Studies by Netea et al. showed that an initial exposure of monocytes/macrophages to a microbe or antigen enhances their innate immune responses against restimulation, a concept termed “trained immunity” [29,30]. Altogether, the studies indicate that monocytes and macrophages exhibit memory-like responses following exposure to the fungal cell wall component β-glucan and the enhanced responses are associated with changes in the epigenetic programming of the monocytes [31]. These findings suggest that therapies targeting monocytes and/or macrophages could potentially provide protective immunity, even in immune-compromised patients; however, the duration of these “trained” effects beyond 4–8 weeks remains to be assessed. Immune-based therapies and/or vaccines designed to augment macrophage responses against C. neoformans are plausible strategies considering the critical role of STAT1-mediated M1 macrophage activation in mediating protection. Recent studies demonstrate that macrophages polarized with IL-4 to an M2 phenotype can be repolarized to a functional M1 phenotype upon exposure to IFN-γ [32], demonstrating the plasticity of macrophage activation and their susceptibility to therapeutic manipulation. In theory, DCs “trained” to polarize towards an inflammatory phenotype are prime candidates to sustain a Th1-type cytokine environment that is critical for maintenance of an M1 macrophage activation phenotype in T cell-deficient hosts. However, will the induction of vaccine-mediated immune responses in immune-deficient hosts predispose these individuals to Cryptococcus-related IRIS? This may be best tested in an experimental model system by looking for signs of IRIS following immunization of a T cell-depleted host and subsequently allowing the host to reconstitute their T cell populations during the recall response to C. neoformans. In human patients, sensitive tests designed to detect cryptococcal antigen could be used to screen asymptomatic individuals in order to reduce the risk of potentially provoking cryptococcal-induced IRIS following reconstitution of the immune system. The absence of IRIS will support the efficacy and safety of vaccine strategies to mediate protection in immune-compromised hosts. In contrast, any observation of IRIS may provide a model system by which to test therapies designed to ameliorate complications due to IRIS in patients.
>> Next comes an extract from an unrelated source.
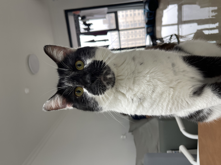 - "The image displays a domestic cat with distinctive black and white fur, situated in an indoor environment within Jinshui District, China" by FM-oJoph1, licensed under CC BY 4.0
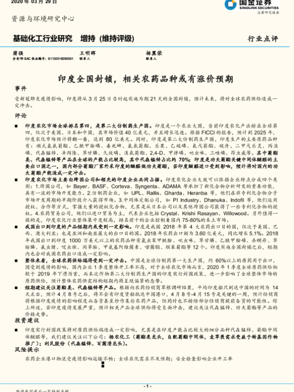 【国金证券】【20200329】基础化工行业研究:印度全国封锁,相关农药品种或有涨价预期-3页 行业研究

Is a Vaccine against Cryptococcosis Feasible?

The discussion and evidence provided above suggest that a vaccine is possible; however, specific considerations must be made when designing immunotherapeutics. Patients lacking intact T cell responses will undoubtedly suffer from reduced memory T cell responses, rendering common vaccine strategies ineffectual. Thus, novel therapies that target innate immune cells such as macrophages and DCs have the potential to mediate protective immunity against C. neoformans. Recent studies indicate that these phagocytes are capable of trained immunity exhibiting enhanced protective responses upon secondary exposure. However, it is not yet known how long-lasting these “trained” effects are and if this approach to vaccine design is plausible. Nonetheless, protective immunity has been observed in the absence of traditional adaptive immunity, thus providing proof of concept that vaccines targeting innate immune responses may prove effectual in prevention or treatment of cryptococcosis.